Leitura do Livro “O Filho de Mil Homens” de Valter Hugo Mãe
“Da porta aberta viam-se a areia da praia e a água livre do mar. A casa assentava numas madeiras fortes que pareciam árvores robustas a nascer e que, ao invés de uma frondosa copa, tinham em conjunto umas paredes intensamente azuis com janelas a mostrar cortinas brancas atrás dos vidros. (...) Era uma casa que não queria estar sozinha.”(apud LEITE, p. 5, grifo do autor)

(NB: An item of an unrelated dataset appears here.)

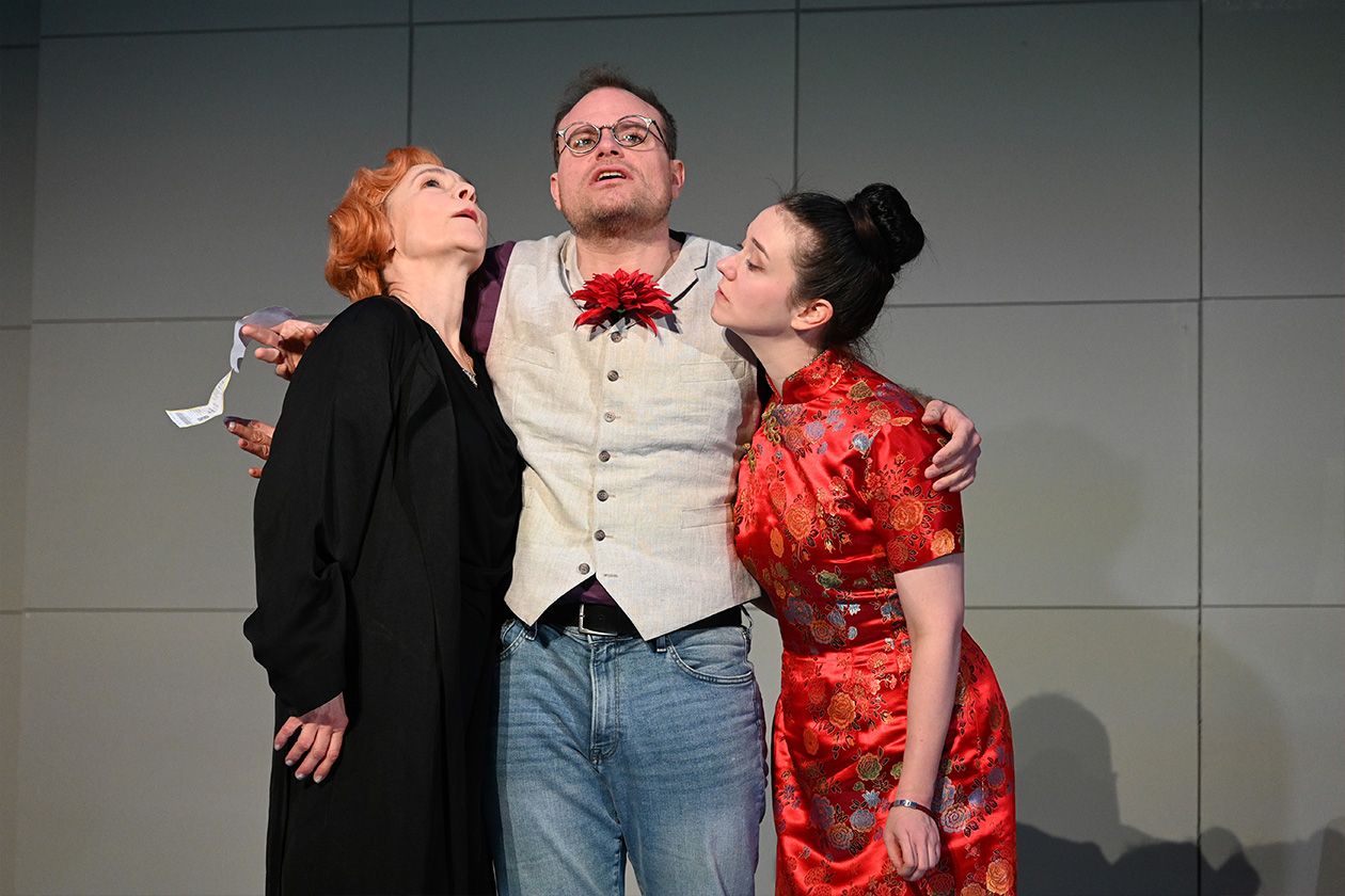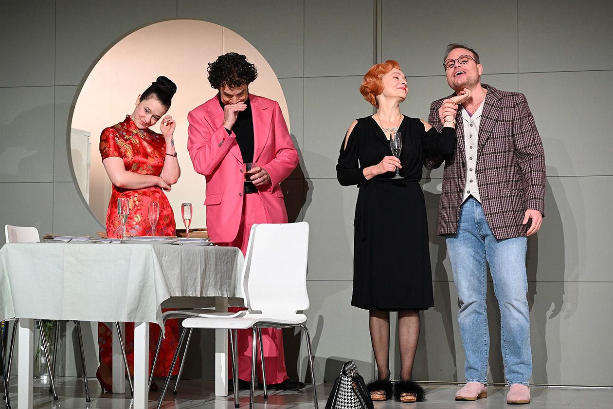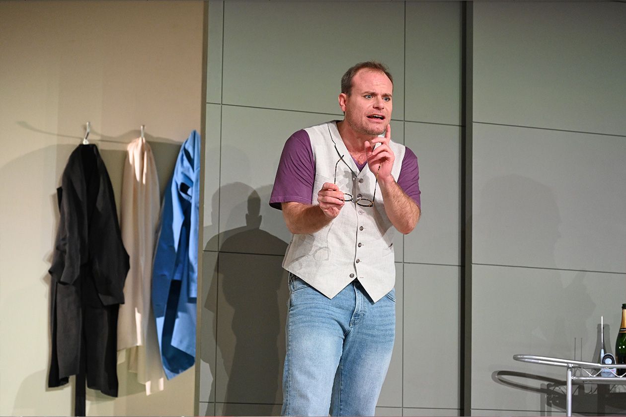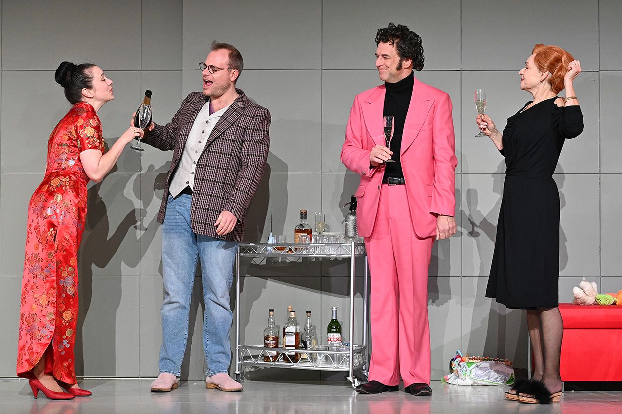 gibt den Figuren Raum für ihre verdrängten Sehnsüchte, Hoffnungen und die Nuancen ihrer Wut. Das Geschehen driftet, vom Alkohol unterstützt, konsequent ins Absurde, Böse. Bündnisse werden geschmiedet, Strategien entwickelt, um Richard noch weichzuklopfen. Das Ensemble spielt munter auf, Tobias Loth als visionärer Träumer, Romy Klötzel (erst freundliche Französischlehrerin, dann rachsüchtige Furie), Tobias D. Weber, der sich als selbstverliebter Architekt bald ganz anders offenbart, Sabine Unger als schlagfertige Witwe. [...] Und doch sind die zwei Stunden samt Pause kurzweilig und werden vom Publikum mit viel Applaus bedacht.

“Os seus olhos tinham um precipício. E ele estava quase a cair olhos adentro, no precipício de tamanho infinito escavado para dentro de si mesmo. Um rapaz carregado de ausências e silêncios. Seguia na traineira quase com a promessa de quem podia chorar. Para dentro do rapaz pequeno era um sem fim e pouco do que continha lhe servia para a felicidade. Para dentro do rapaz o rapaz caía.” (MÃE, 2012, p. 11, grifo nosso)
Assim, as circunstâncias são conectadas durante todo o processo temporal da narrativa, de modo a manifestar o quanto a vida é permeada de ausências e tristezas. Sim, são seres que carregam a solidão em suas particularidades. A história pessoal de cada um constitui-se de um passado, o qual porta momentos de perdas marcadas na memória: “O doutor pensava o contrário. Pensava que o passado tinha pernas longas e corria, sim, e muito, como um obstinado a marcar a sua presença, a sua herança. O passado é uma herança de que não se pode abdicar, disse o doutor.” (MÃE, 2012, p. 43-44)
Embora a tristeza exista, pode-se recomeçar. O verbo reinventar é o norte para trilhar o caminho da felicidade, da aceitação, do respeito e principalmente do amor. Os personagens descobrem esse belo trajeto e, unidos, alcançam o objetivo de amar e de se completarem. Todos perderam algo, seja uma pessoa seja sua própria alegria; mas ganharam significativamente uns aos outros. A aceitação traz felicidade. O amor transforma e irradia o mundo. A união resulta no cuidado e respeito mútuo:
“Tinha de ser uma festa, talvez fosse mesmo uma festa, porque sobre as dores de cada um se celebravam de algum modo as partilhas, a disponibilidade cada vez mais consciente da amizade. Estavam à mesa carregados de passado, mas alguém fora capaz de tornar o presente num momento intenso que nenhum dos convidados quereria perder. Naquele instante, nenhum dos convidados quereria ser outra pessoa. O Crisóstomo pensava nisso, em como acontece a qualquer um, num certo instante, não querer trocar de lugar com rei ou rainha nenhuns de reino nenhum do planeta.” (MÃE, 2012, p. 118)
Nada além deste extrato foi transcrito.